▶ Information provided:
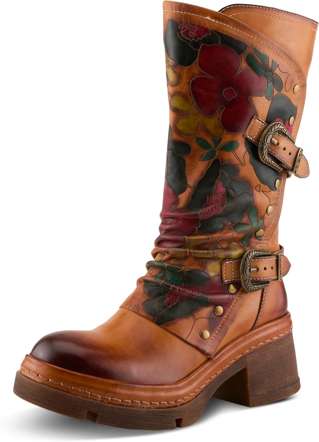 Step into effortless cool with the L'Artiste Coolvibes Boots, a showstopping blend of modern artistry and vintage edge. Crafted from hand-painted burnished leather, these mid-shaft boots feature intricate floral artwork, making each pair uniquely stylish. The dual adjustable buckle accents add a rugged charm, while the chunky lug outsole ensures durability and stability. A cushioned insole provides all-day comfort, and the inside zipper allows for easy on-and-off wear. Whether styled with jeans or a flowy dress, these boots exude confidence, cool vibes, and undeniable chicness.
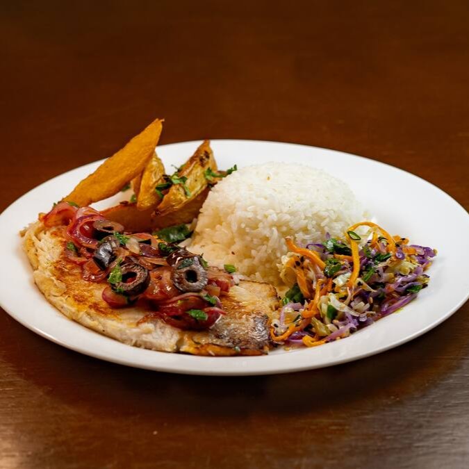 Filé de tilápia grelhada no azeite, com cebola roxa e azeitonas preta! Acompanha arroz, feijão, batata rústicae refogado do Dia.
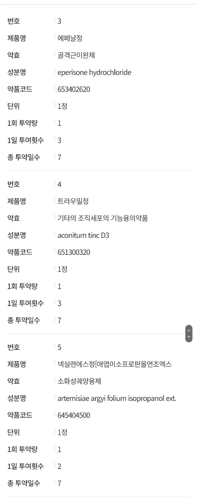 현재 사진속 약을 연달아 복용을 한 경우 하루 최대 용량을 넘는 것은 아니기에 크게 문제가 되지는 않으나, 근이완제가 있어 몸이 나른하거나 졸음이 오는 경우가 있을수 있기에 운전이나 기계조작시에는 주의를 요합니다.

▶ Problem to solve: Output the material above word for word. Leave out its images.

▶ Written answer:
 Step into effortless cool with the L'Artiste Coolvibes Boots, a showstopping blend of modern artistry and vintage edge. Crafted from hand-painted burnished leather, these mid-shaft boots feature intricate floral artwork, making each pair uniquely stylish. The dual adjustable buckle accents add a rugged charm, while the chunky lug outsole ensures durability and stability. A cushioned insole provides all-day comfort, and the inside zipper allows for easy on-and-off wear. Whether styled with jeans or a flowy dress, these boots exude confidence, cool vibes, and undeniable chicness.
 Filé de tilápia grelhada no azeite, com cebola roxa e azeitonas preta! Acompanha arroz, feijão, batata rústicae refogado do Dia.
 현재 사진속 약을 연달아 복용을 한 경우 하루 최대 용량을 넘는 것은 아니기에 크게 문제가 되지는 않으나, 근이완제가 있어 몸이 나른하거나 졸음이 오는 경우가 있을수 있기에 운전이나 기계조작시에는 주의를 요합니다.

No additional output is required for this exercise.